From the Guidelines
Ewing sarcoma pathogenesis is driven by a characteristic chromosomal translocation, most commonly t(11;22) (q24;q12), which creates the EWS-FLI1 fusion gene, as detected by cytogenetics or PCR in over 90% of cases 1. The pathogenesis of Ewing sarcoma involves the expression of the MIC2 gene, which distinguishes it immunohistochemically from other pediatric 'blue tumors' 1.
- The cell of origin is thought to be a primitive neural element, with the tumor arising in the bone marrow 1.

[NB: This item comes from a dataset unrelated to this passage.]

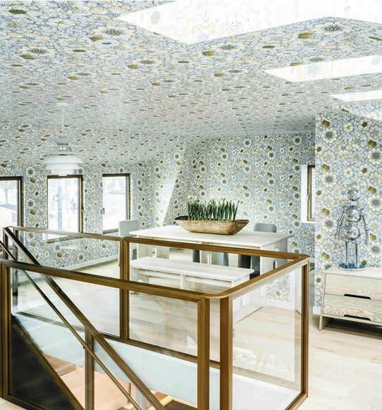 The extensively restored space features ample natural light, exposed wood beams, and a dramatic and sleek staircase, leading up to a wallpaperbedecked second floor. And, of course, furniture, décor items, framed posters and examples of Gustavian antiques.

- The disease is characterized by a complex interplay between genetic alterations, including the EWS gene translocation, and epigenetic modifications.
- Additional mutations in genes such as STAG2, TP53, and CDKN2A may occur, contributing to disease progression and treatment resistance.
- Microenvironmental factors, including interactions with immune cells and growth factors, support tumor growth and metastasis, which commonly occurs in lungs, bones, and bone marrow.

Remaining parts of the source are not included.